Others believe that is the case, but for now, I’ll remain skeptical.
Not retracted of course, but still false.
My goodness, failure. So CO2 tracking is really quite useless? This screws up the algore/carbon offset crowds' idea of how they can prove we are killing our planet. So they will have to bury and disavow this report.
Maybe you just don't understand how CO2 emmissions and carbon footprints work? ;-) Send in a donation, buy some carbon offsets, and the lovely folks taking you're money will happily edumicate you. Don't be alarmed if they seem flabbergasted that you 'just don't get it', they mean well. /major sarcasm
B.S. They do not.
They point to CO2 as the most important component of global warming. As I'm sure you're aware, global warming refers to the differential between baseline and current, not absolute contributions.

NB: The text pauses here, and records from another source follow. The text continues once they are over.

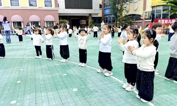 小班的小朋友们则进行了精彩的表演赛,虽然他们年龄最小,但也展现出活力满满的精神状态。在老师的带领下,他们认真地做着每个动作,吸引了全场的目光。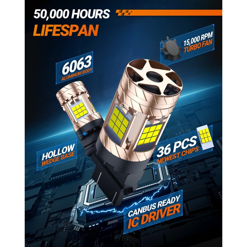 【 1500% Increase Brightness 】The 3157 3156 LED bulb has a brightness of 30 watts and 3200LM, with 6000K super white light, which means that even in foggy and other adverse weather conditions, other vehicles can clearly see your light signal.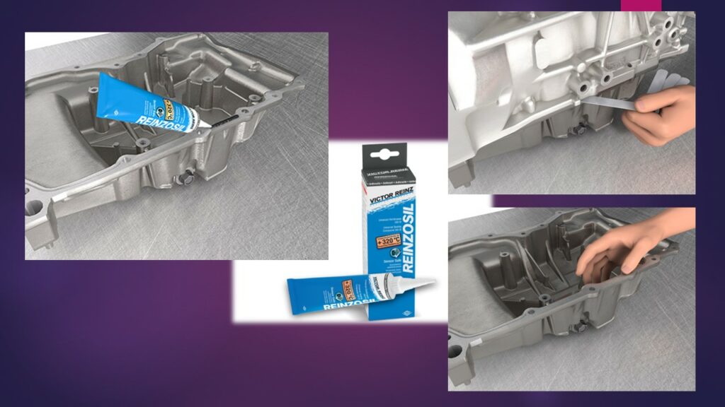Assim, para vedação do cárter, a escolha depende da folga entre as superfícies: use Reinzoplast se a folga for mínima (até 0,14 mm), e Reinzosil se houver folgas maiores (≥ 0,15 mm) ou pequenas imperfeições como riscos e arranhões.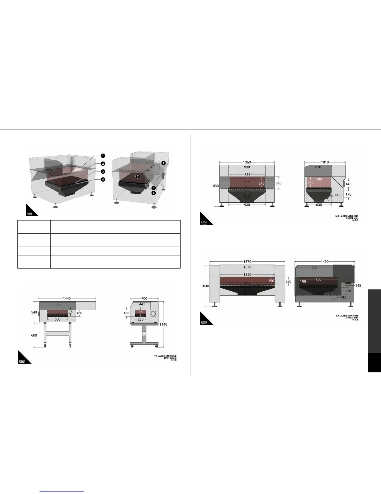 Fig C024: MX Laser machine capacities and dimensional drawing.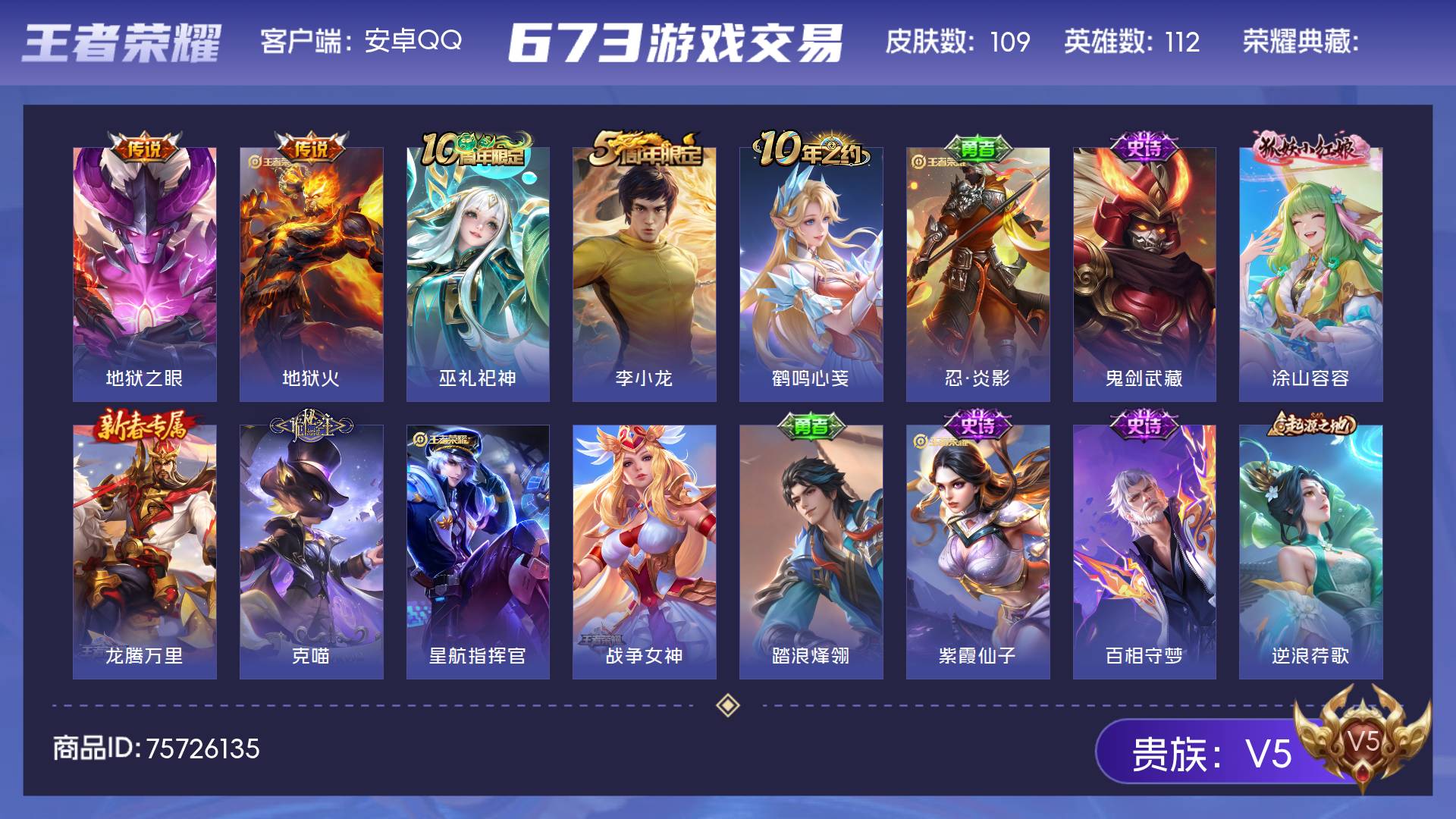 V5 皮肤109 英雄112 至尊星耀 传说2 其他皮肤113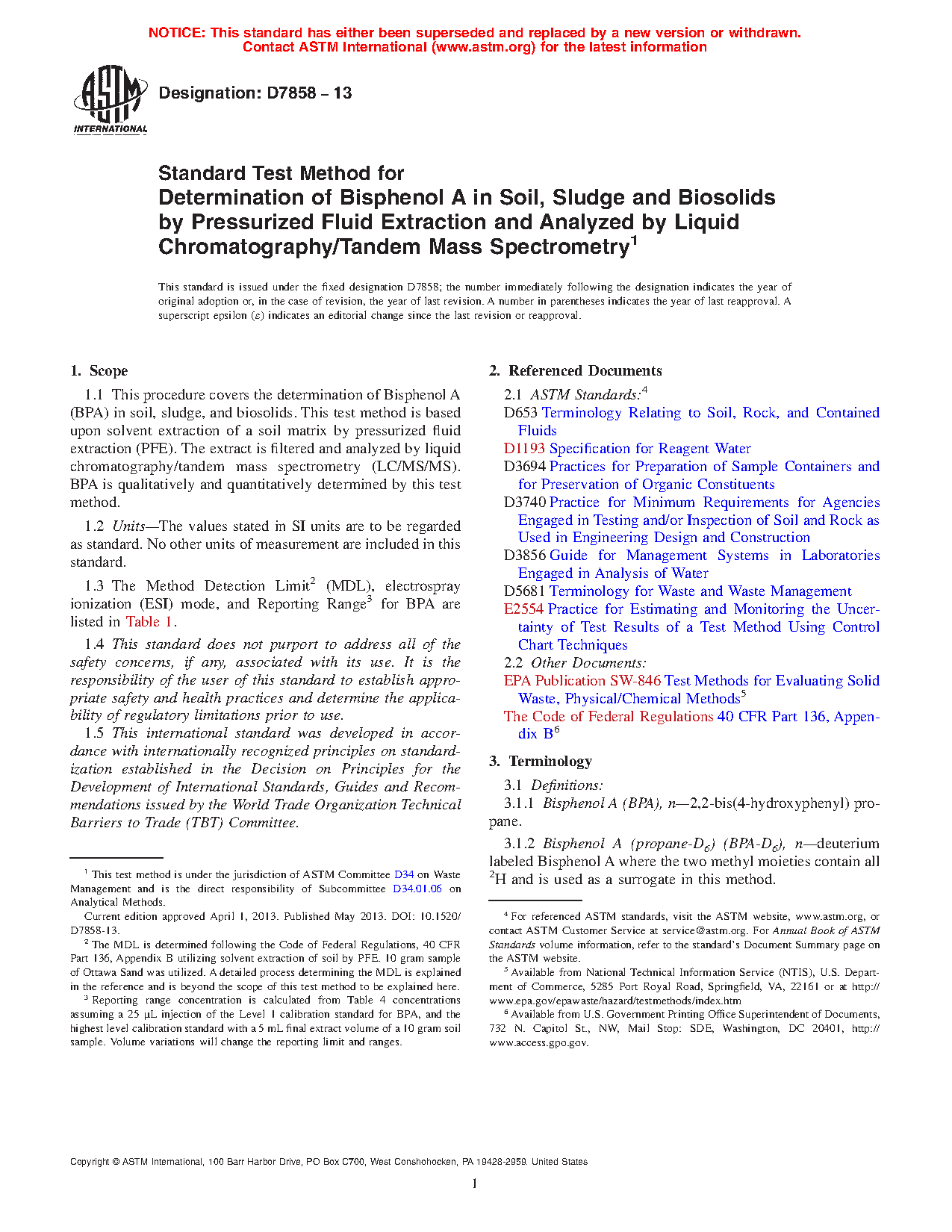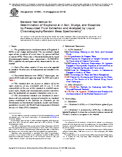 1.1 This procedure covers the determination of Bisphenol A (BPA) in soil, sludge, and biosolids. This test method is based upon solvent extraction of a soil matrix by pressurized fluid extraction (PFE). The extract is filtered and analyzed by liquid chromatography/tandem mass spectrometry (LC/MS/MS). BPA is qualitatively and quantitatively determined by this test method.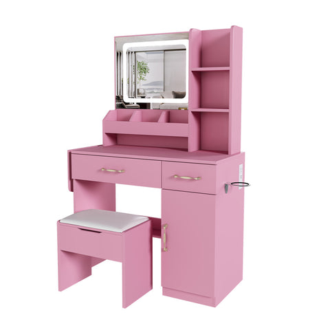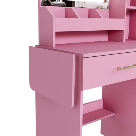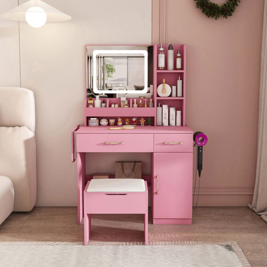 Massive & Smart Storage Capacity:This vanity desk is a storage powerhouse, designed to declutter your space and organize your entire collection. It comes with a hollow storage stool for larger items, two spacious drawers, six open shelves for daily essentials, and a cabinet featuring an adjustable shelf for maximum flexibility. The wider tabletop provides ample room for all your beautifying tasks, ensuring everything you need is neatly stored and within easy reach, helping you create a visually

And if one pulls the water vapor out of the atmosphere in a GCM, what happens...it very rapidly rebounds. And carbon dioxide? Nope.
And you realize that they absorb different wavelengths, right?
I don't see that you can be so sure about the role of cosmic rays and sure about CO2 bring insignificant, but I'll leave it at that.
The authors should be arrested for “Global Warming Denial” and put into a concentration camp at once.
Crist is a scumbag. His policies this week doomed a clean coal plant which would have provided a large amount of electricity using America's most abundant and inexpensive resource.
"Green" policies are un-American, and enrich our enemies while harming our security.